▸ Work instruction
Using the data that follows, output only the lines from the line with "No próximo sábado, dia" up to and including the line with "人文藝術(shù)教育系學(xué)生參", exactly, leaving pictures aside.
======== Material to process
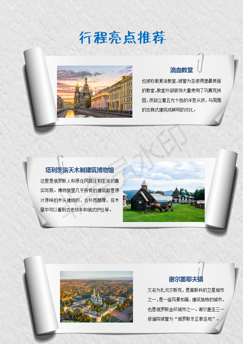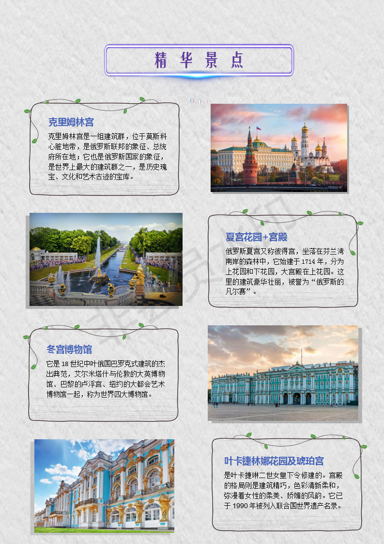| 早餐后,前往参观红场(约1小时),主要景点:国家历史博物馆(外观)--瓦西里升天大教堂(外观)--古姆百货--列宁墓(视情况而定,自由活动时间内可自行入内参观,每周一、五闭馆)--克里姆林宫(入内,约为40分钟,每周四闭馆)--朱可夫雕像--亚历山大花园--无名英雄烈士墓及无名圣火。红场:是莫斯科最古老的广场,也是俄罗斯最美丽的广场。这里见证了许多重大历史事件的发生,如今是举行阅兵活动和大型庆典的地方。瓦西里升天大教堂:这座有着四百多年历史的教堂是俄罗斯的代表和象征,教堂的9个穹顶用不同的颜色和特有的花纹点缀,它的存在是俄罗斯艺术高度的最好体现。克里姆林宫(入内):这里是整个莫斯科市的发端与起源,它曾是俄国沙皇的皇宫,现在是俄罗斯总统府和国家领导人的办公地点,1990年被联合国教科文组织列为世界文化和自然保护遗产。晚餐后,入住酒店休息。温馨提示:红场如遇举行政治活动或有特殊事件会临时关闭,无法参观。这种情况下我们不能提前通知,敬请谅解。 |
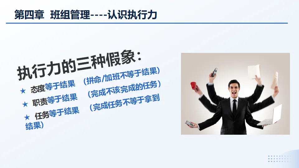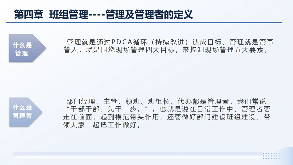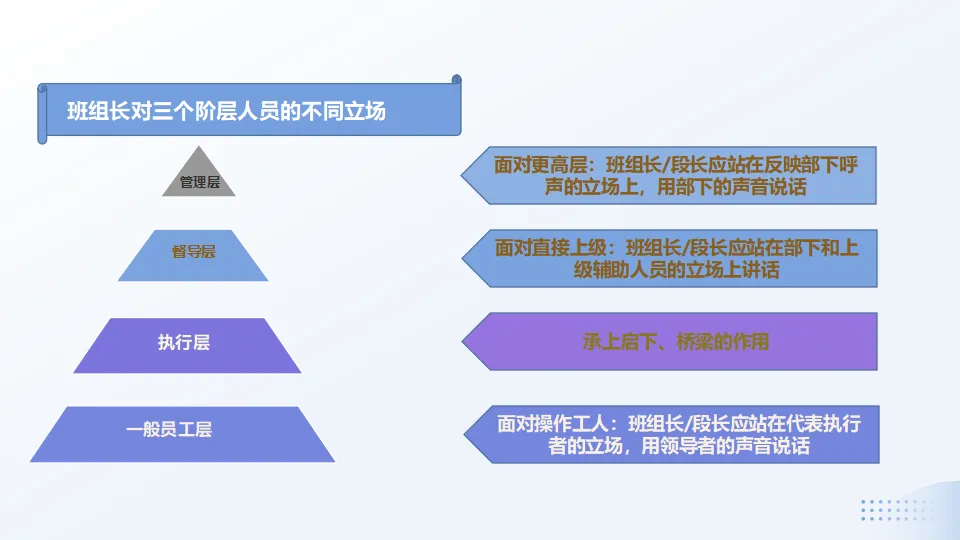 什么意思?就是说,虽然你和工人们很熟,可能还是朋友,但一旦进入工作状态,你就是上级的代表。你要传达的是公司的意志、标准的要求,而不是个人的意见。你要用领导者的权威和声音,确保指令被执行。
================
======== Material to process
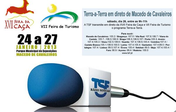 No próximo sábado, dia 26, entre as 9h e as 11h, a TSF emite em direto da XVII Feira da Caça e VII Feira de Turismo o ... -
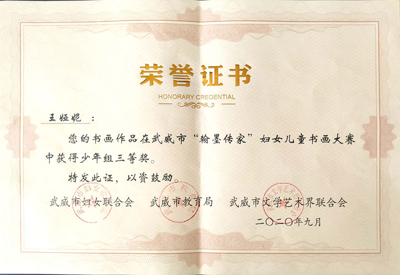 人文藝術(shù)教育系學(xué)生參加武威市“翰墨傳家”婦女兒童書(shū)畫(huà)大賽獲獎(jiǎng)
================
▸ Result of this exercise
 No próximo sábado, dia 26, entre as 9h e as 11h, a TSF emite em direto da XVII Feira da Caça e VII Feira de Turismo o ... -
 人文藝術(shù)教育系學(xué)生參加武威市“翰墨傳家”婦女兒童書(shū)畫(huà)大賽獲獎(jiǎng)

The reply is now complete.